The human condition is one of constantly merging what we want with what we perceive — with what is in fact, reality. It sounds vanilla simple as ya read it, but we all know what a dangerous outlook human perception can be if it’s not aligned with the world’s merciless empirical truth.
I remember with a wincing smile the day I arrived at a friendly broker’s office to drop of an offer. It was way back in another life. I hadn’t seen this husband/wife team in over a year, so was lookin’ forward to the visit. When I arrived the wife happily remarked, “We were wondering who the chubby blond guy was.”
Ouch! Not exactly how I perceived myself.
That was the inauspicious beginning of my marathon career, another post altogether. Suffice to say, the next year or so saw a loss of 40-something pounds and over 7 inches on the waistline. Ultimately it was the consequence of merging reality with perception. The whole ‘perception is reality’ concept is true enough, but the so-called reality is often nothin’ but a mirage, as was my laughable ‘lean and mean’ self image.
Warning: Hard, brakeless segue.
The average loss suffered my the vast majority of IRAs and 401Ks has been over 40%. Yet from what I’ve seen first hand, read, and heard second hand, most folks still perceive themselves as having a diversified portfolio, even though 100% of their Qualified Plans are still hogtied to Wall Street.
Furthermore, they perceive a rocky road to the full recovery of their losses, while often not knowing what options they have to get that accomplished. The frustration is almost palpable.
The most effective adversary to long term capital growth is a loss. Duh. Yer smilin’, but let me finish. The consequences of a loss aren’t limited to the present. The bottom line effect is how many years your Plan is essentially on ‘pause’ while it makes up the losses. Only when you’ve regained the losses do you resume your journey on the growth highway. Meanwhile you stubbornly keep havin’ birthdays.
And there’s the rub.
Fact: Your 401K/IRA has suffered a discouraging loss. It’s time to focus on a strategy to get back to where you were, and resume growing.
First — recognize that you’ve not been ‘diversified’ regardless of what you’ve been told. Wall Street’s idea of diversification is akin to puttin’ a governor on a Ferrari, ensuring it can’t exceed 60 mph. Why would you do that on purpose? Don’t get me wrong, I’m not anti-stock market. I offer Max Whitmore as prima facie evidence.
Fact: Once you’ve sustained a significant loss, time is no longer your friend. You keep havin’ birthdays while the losses remain an ongoing reality.
Tick tock.
One option is to take the bull by the horns as it relates to your IRA or 401K. How? First, you must find out if you’re eligible to roll your current plan into a Self Directed IRA — not everyone has that on their menu.
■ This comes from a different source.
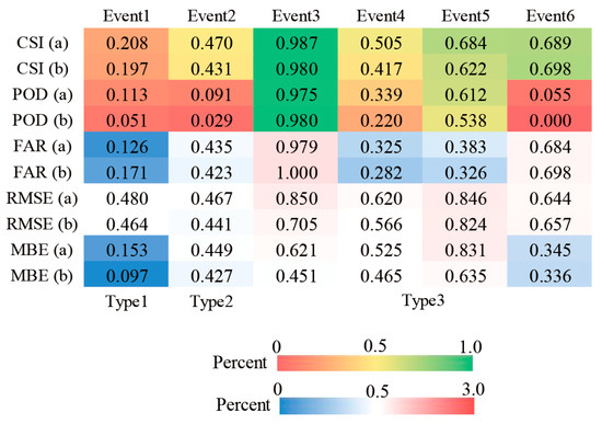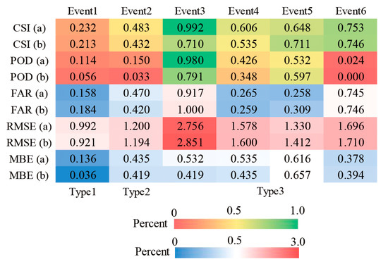 | FAR | 0–1 | 0 | Proportion of false positives in simulated rainfall events. |

For now, if you have a 401K from a former employer, you can probably roll it to a Self Directed IRA. Many over 59½ can also. More on that later.
The bottom line is, with an IRA whose funds are directly controlled by you — the funds can be invested — leveraged or not — into real estate. It’s not for everyone, but over the long run, your plan’s cash flow and capital growth will improve if a generous portion of your plan’s capital is directed towards real estate. For every 1% of real estate appreciation (leveraged — 1/3 down) your capital grows roughly 3% — which means if your plan’s real estate has a year of 3.5% appreciation, the stocks in your plan will hafta exceed 10% just to stay even.
That doesn’t account for the real estate investment’s cash flow, which will almost universally far outpace any dividends thrown off by stocks. Frankly, it’s an unfair contest from the start. But if you’re gonna begin making measurable headway in the race to regain your lost capital, ‘start’ is what you might wanna strongly consider.
I can show you how, and recommend highly experienced pros to guide you in every step of the process. Don’t risk your perception further clouding reality. The one thing none of us can do is put time on pause. Again — tick tock.